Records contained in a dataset
════════
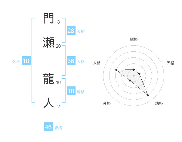 門瀬 龍人さんの総格は46画の1点!
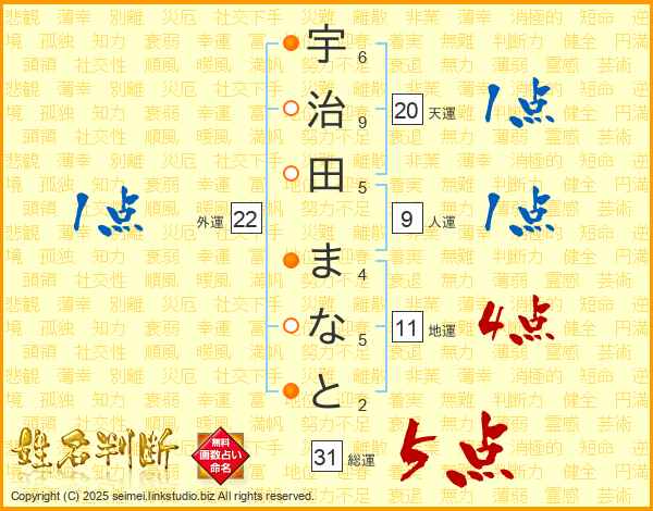 宇(6画)治(9画)田(5画) ま(4画)な(5画)と(2画)
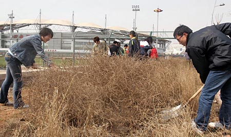 近日,河北秦皇島市白塔嶺街道辦事處的干部、職工以及秦皇島各高校的1500余名奧運環(huán)保志愿者,在秦皇島奧體中心清理整治周邊環(huán)境,以優(yōu)美的環(huán)境迎接奧運會。
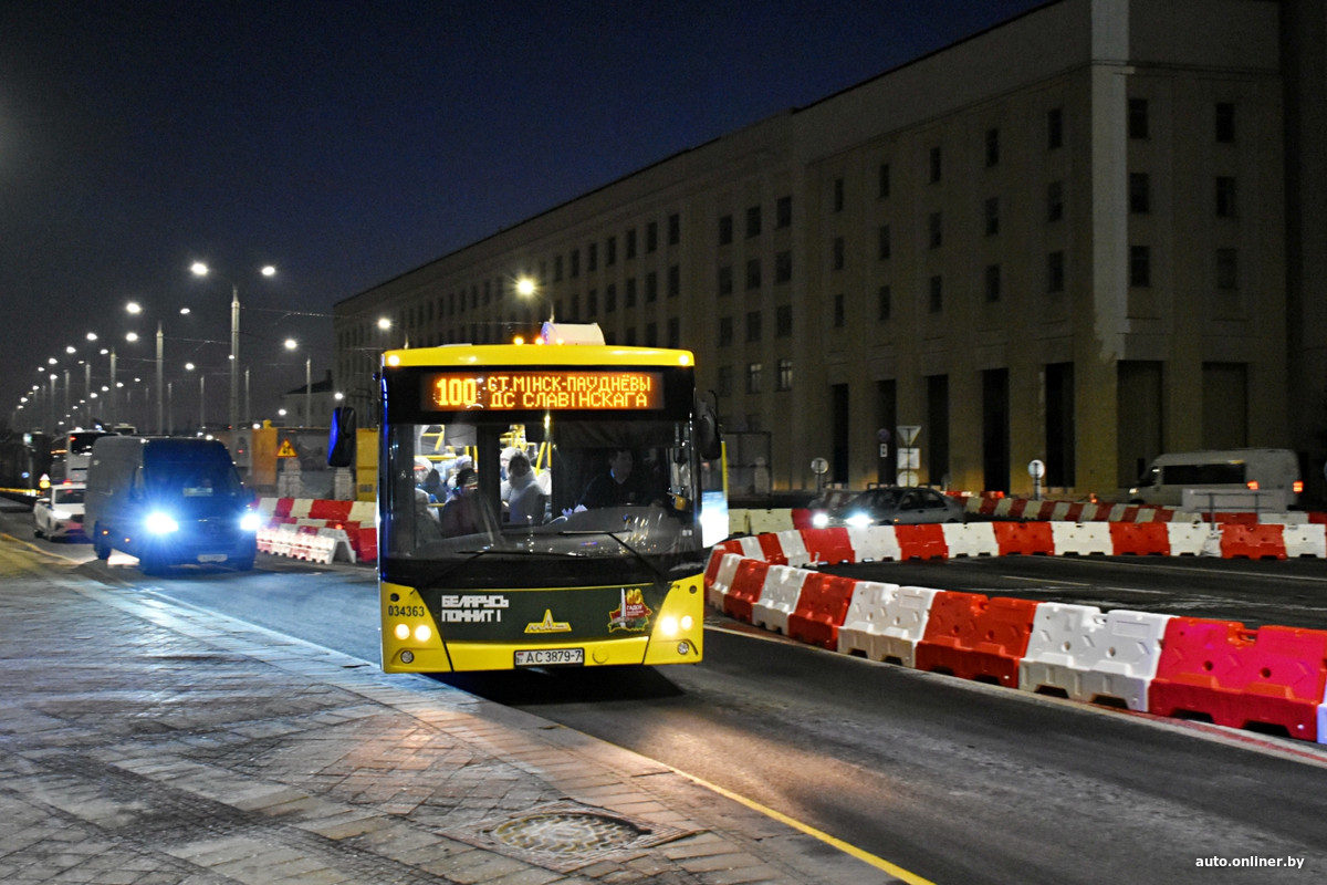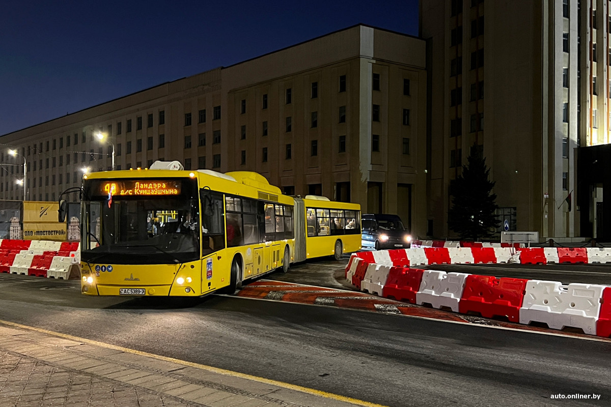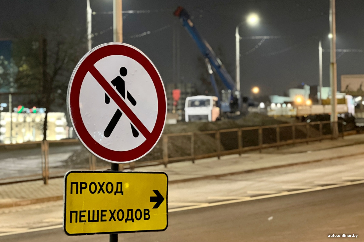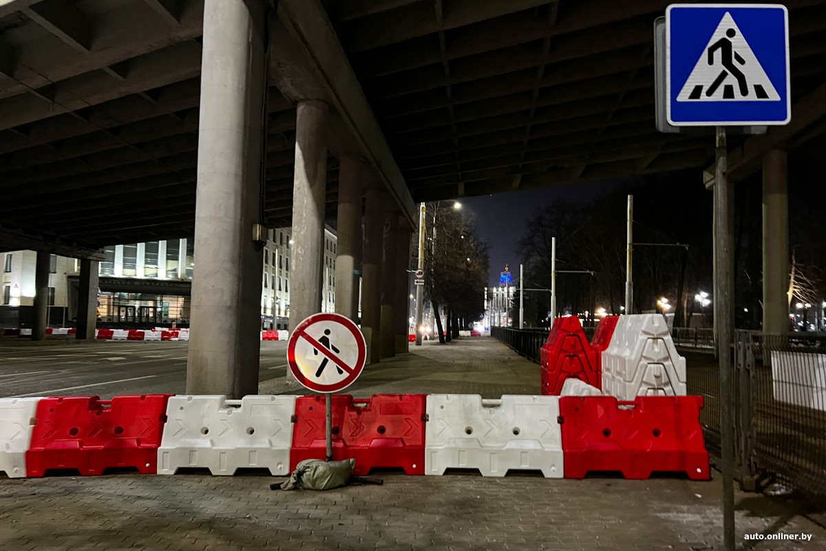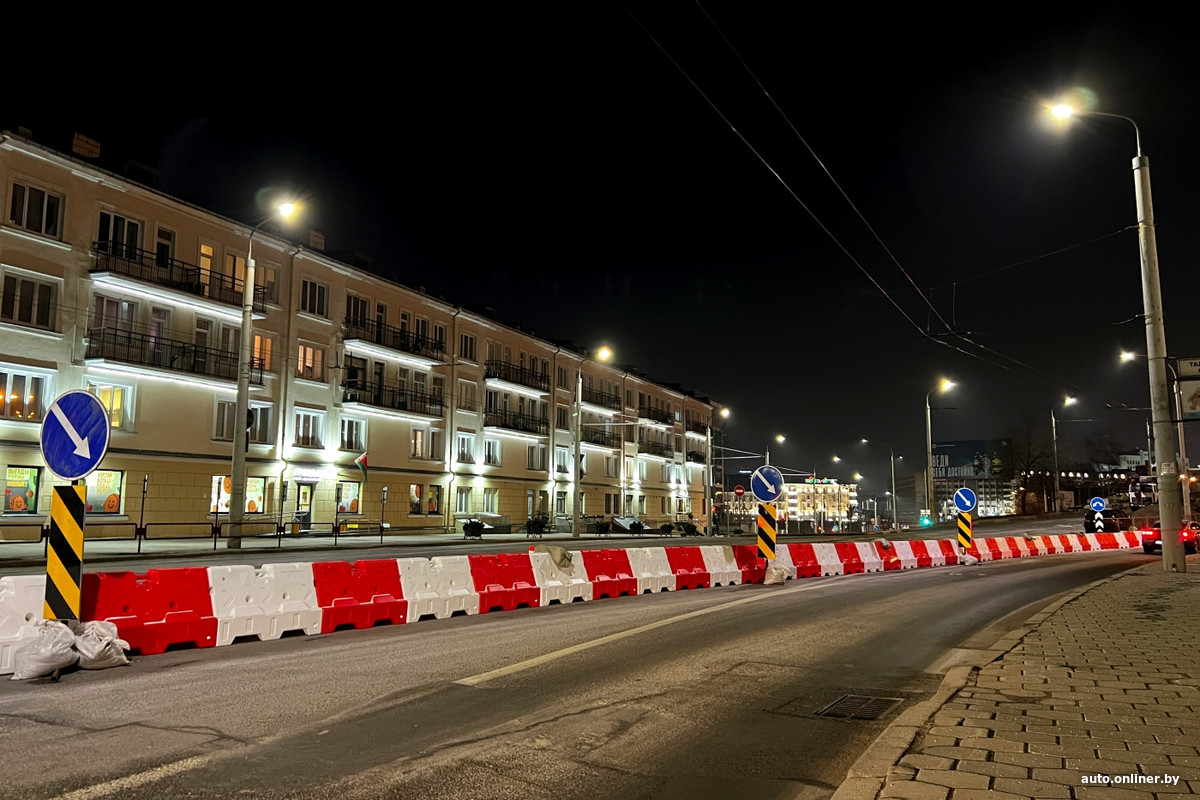 Для всех транспортных средств закрыт сам путепровод и короткий отрезок ул. Бобруйской прямо под ним — работы на объекте уже ведутся. Объезд для маршрутных транспортных средств организован через площадь Независимости — напротив главного корпуса БГУ построена временная круговая развязка.
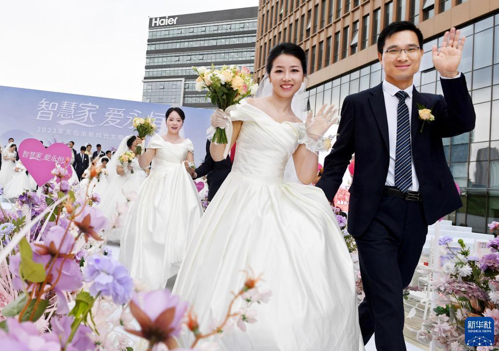 6月10日,新人們在青島市嶗山區海爾科創(chuàng )生態(tài)園新時(shí)代文明實(shí)踐廣場(chǎng)參加集體婚禮。
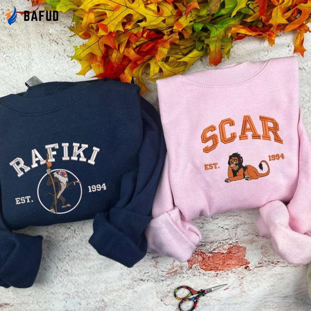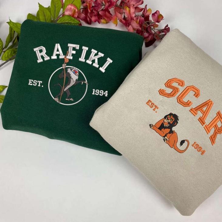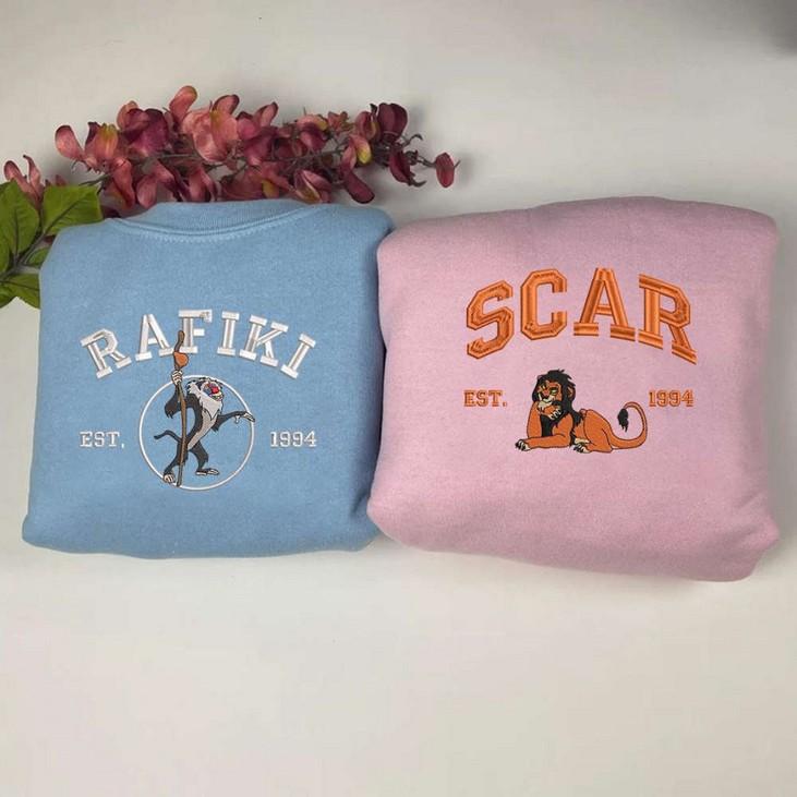 Introducing our Rafiki and Scar Embroidered Sweatshirts, Lion King Shirts! Designed with intricate embroidery, these crewneck sweatshirts are a must-have for all Lion King fans. Made from premium quality materials, they offer unbeatable comfort and durability. The unique design showcases the iconic characters Rafiki and Scar, adding a touch of nostalgia to your wardrobe. Perfect for couples, these shirts make a great matching outfit for a fun and stylish look. Embrace the Y2K fashion trend with these versatile sweatshirts, suitable for any occasion. Surprise your dad on Father's Day with this thoughtful and memorable gift. With our ESH369-370 collection, enjoy the perfect blend of style, comfort, and nostalgia. Grab yours now and relive the magic of Lion King wherever you go!
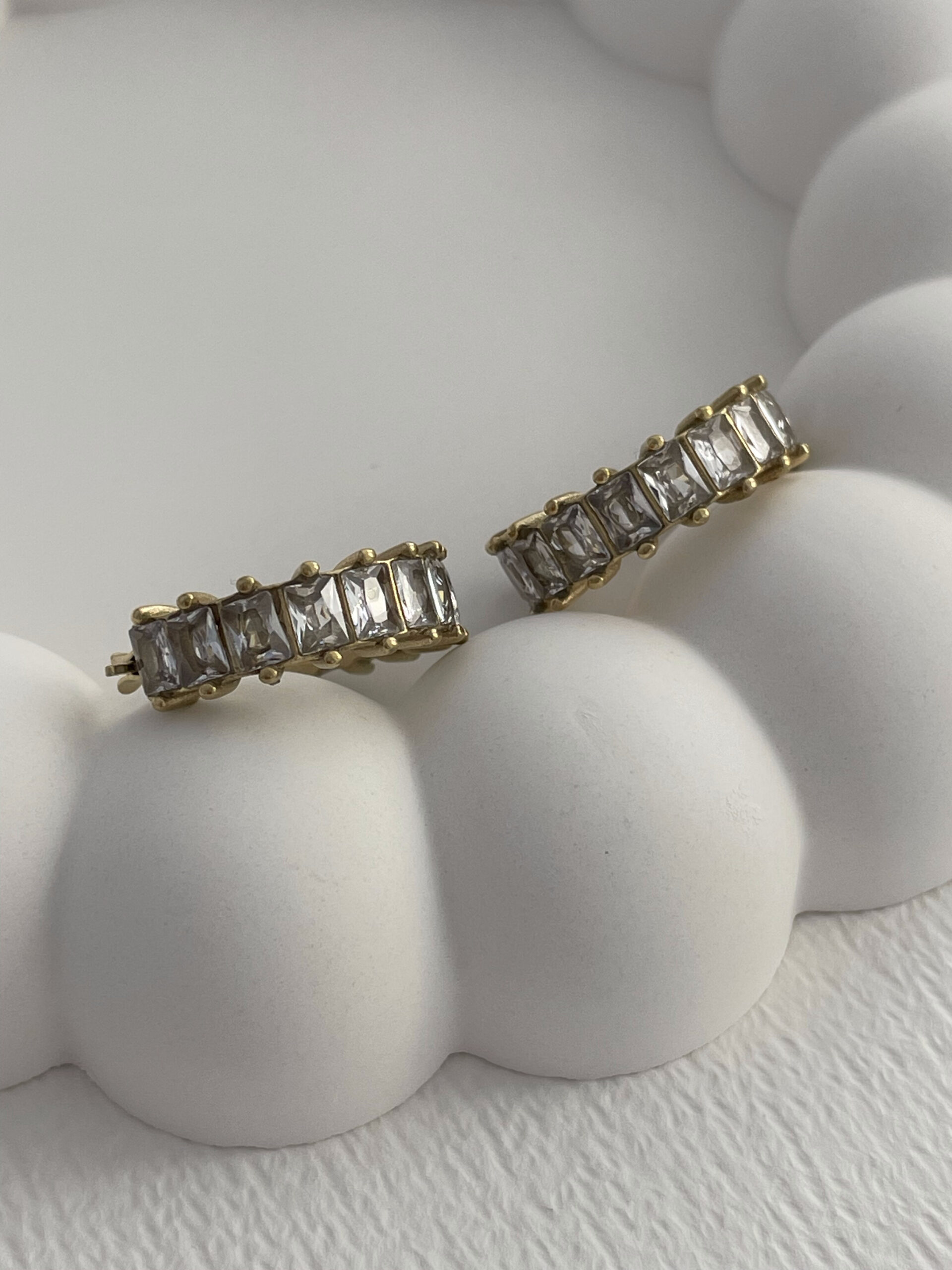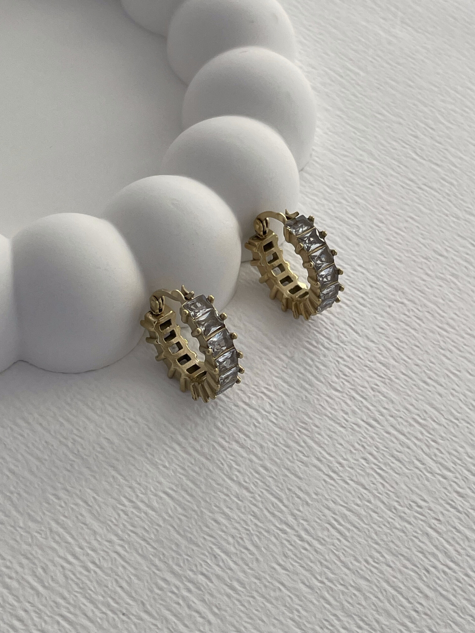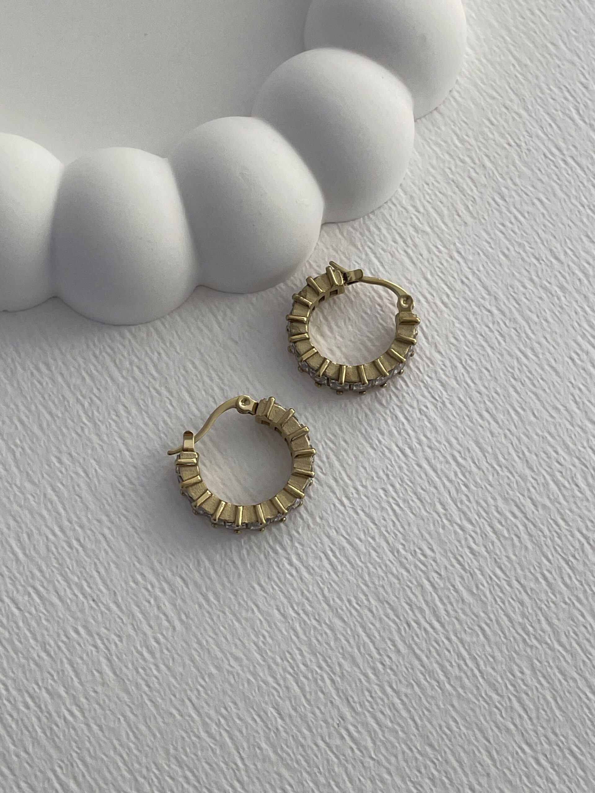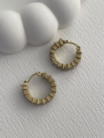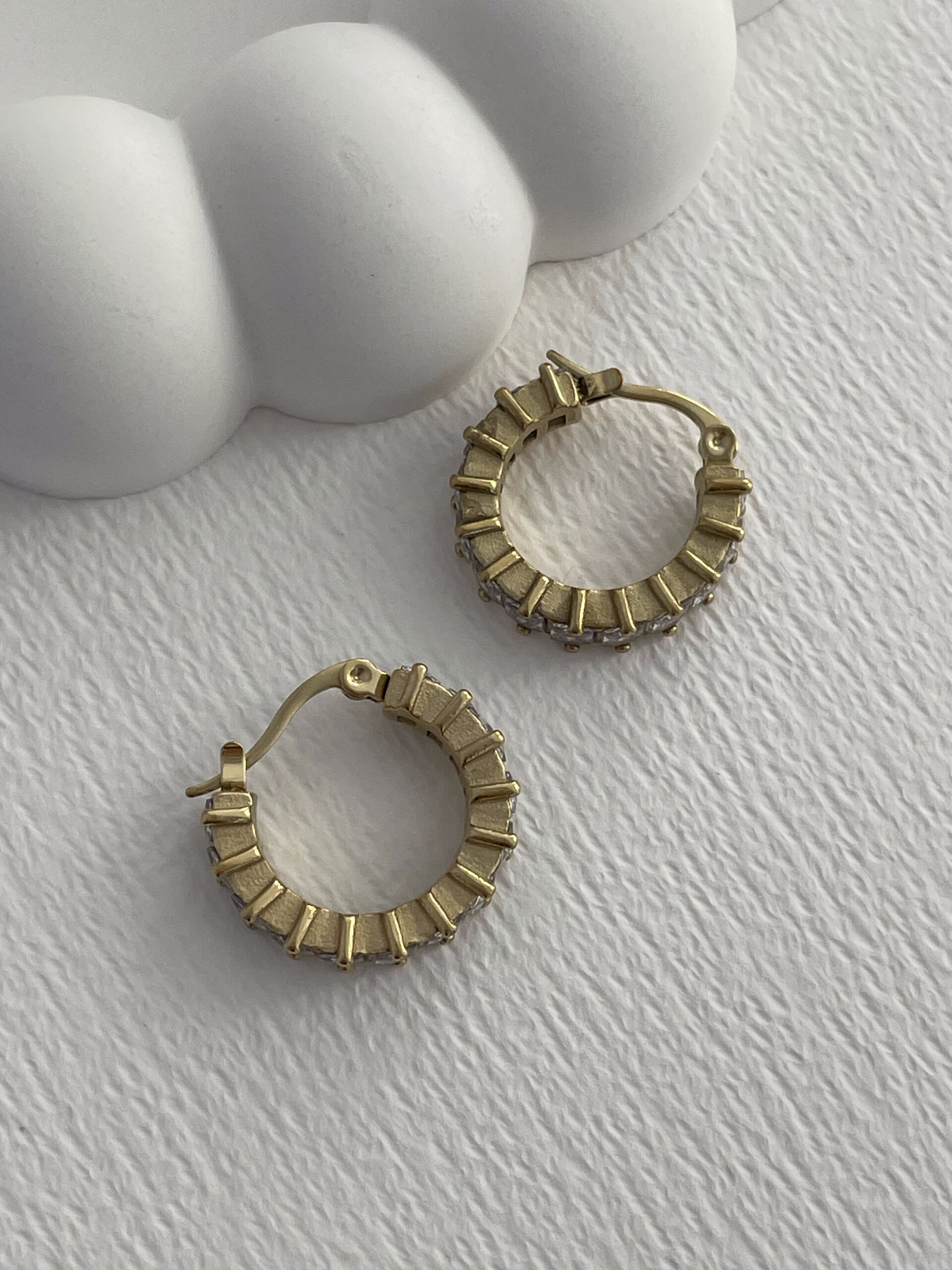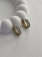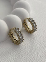 Çelik Zİrkon Taşlı Tırtıklı Halka Gold Küpe
════════
### WHAT YOU ARE ASKED TO DO:
From the line with "宇(6画)治(9画)田(5画) ま(4画)な(5画)と(2画)" up to and including the line with "6月10日,新人們在青島市嶗" above, retype every line exactly and nothing more; leave out the pictures.

### ANSWER SECTION:
 宇(6画)治(9画)田(5画) ま(4画)な(5画)と(2画)
 近日,河北秦皇島市白塔嶺街道辦事處的干部、職工以及秦皇島各高校的1500余名奧運環(huán)保志愿者,在秦皇島奧體中心清理整治周邊環(huán)境,以優(yōu)美的環(huán)境迎接奧運會。
 Для всех транспортных средств закрыт сам путепровод и короткий отрезок ул. Бобруйской прямо под ним — работы на объекте уже ведутся. Объезд для маршрутных транспортных средств организован через площадь Независимости — напротив главного корпуса БГУ построена временная круговая развязка.
 6月10日,新人們在青島市嶗山區海爾科創(chuàng )生態(tài)園新時(shí)代文明實(shí)踐廣場(chǎng)參加集體婚禮。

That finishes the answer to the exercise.